En acceptant le poste de Ministre des affaires étrangères, des Sénégalais de l’extérieur, elle choisit de collaborer avec l’actuel régime qui prône une vision totalement contraire à celle qu’elle a toujours défendue et que des leaders éclairés comme Mamadou Dia a exprimé dans « Afrique, le prix de la liberté, l’Harmattan, 2001 ».
Au regard de ces éclairages, nous considérons qu’Aïssata Tall Sall est une « transhumante » au même titre que tous les autres transhumants. Elle n’ose plus affronter l’avenir qui consisterait à prendre son bâton de pèlerin pour conquérir le pouvoir.
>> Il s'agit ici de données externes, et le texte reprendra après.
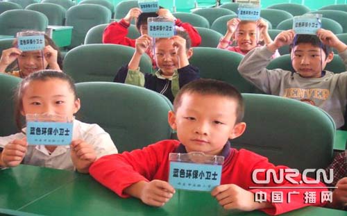 孩子們獲得了“藍色環(huán)保小衛(wèi)士”的稱號,露出了開心的笑容
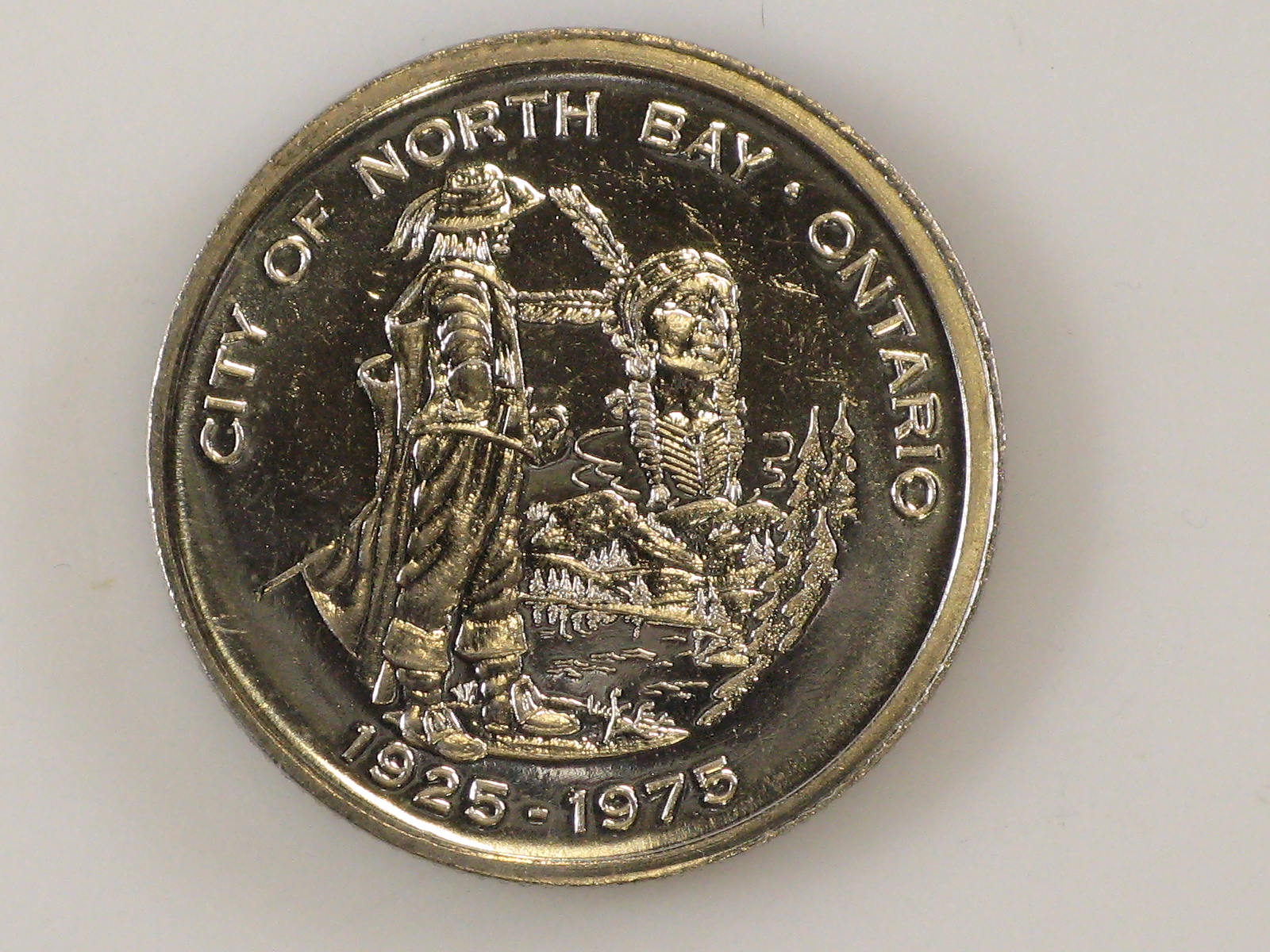 Twee penningen van de stad North Bay, Ontario (Canada)

Sa nomination est uniquement un moyen de la récompenser en tant que cliente et alliée politique de dernière heure et c’est dommage. Elle a choisi sa carrière personnelle au détriment de l’intérêt général. Mais c’est un acte qu’elle aurait pu poser dès le départ lorsqu’elle était membre du bureau du parti socialiste. Elle aurait pu s’aligner à la discipline du parti socialiste, comme le lui conseillait feu Ousmane Tanor Dieng et nous l’aurions comprise.
En tous les cas, ce remaniement a encore démontré que la parole politique est de plus en plus gangrénée par le mensonge. Elle est de moins en moins crédible et amène les sénégalais à se demander s’ils vont continuer de croire et de voter pour ces politiciens qui, une fois au pouvoir, rangent aux oubliettes leurs propres convictions et leurs promesses annoncées pendant les campagnes électorales. La politique est gangrénée par la prédominance de mensonges, de combines, d’arrangements éphémères, de ruses, de complaisances, de compromissions, sans aucune possibilité de progrès. C’est un constat qu’avait établi Axelle Kabou dans son ouvrage « Et si l’Afrique refusait le développement ?, Paris, Éditions L’Harmattan, 1991 » et qui concerne toujours toute l’Afrique subsaharienne.
Comme l’a si bien dit Babacar Sall, « L’éthique de la responsabilité a laissé place à l’intérêt stricto-personnel ». En effet, le mal du système politique sénégalais est aussi l’électoralisme qui ne mène à aucune alternative bénéfique pour le pays, mais plutôt à des changements du pire qui font regretter les régimes antérieurs. A ceci s’ajoute la crise d’exemplarité quasi-générale de la société globale. Les jeunes sénégalais qui émigrent et meurent en mer ne sont pas seulement en fuite de leur pays natal pour des raisons économiques, mais souffrent aussi de manque d’exemplarité et de modèle de référence. Ils sont arc-boutés, par ricochet, à des horizons brisés qui bouchent toutes perspectives d’avenir
Dans ce contexte, l’émergence du Sénégal devient problématique. Elle appelle à des préalables qui n’ont pas été pris en compte dans l’élaboration des plans et des mécanismes qui ont fondé cette nouvelle utopie dont on peut se douter qu’elle puisse rendre l’homme politique meilleur pour porter la vraie émergence axée sur l’organisation, la justice, le sens de l’intérêt général, la souveraineté nationale, l’éthique de la responsabilité, le primat du développement et la fin du politicien.
Ce sont des problématiques que j’ai développées dans mon dernier ouvrage intitulé « Sénégal, diagnostic d’un pays candidat à l’émergence » aux Editions l’harmattan en 2019 et j’invite nos concitoyens à les réviser afin d’en tirer toutes les utilités.
Momar-Sokhna DIOP est professeur d’économie-gestion, et écrivain.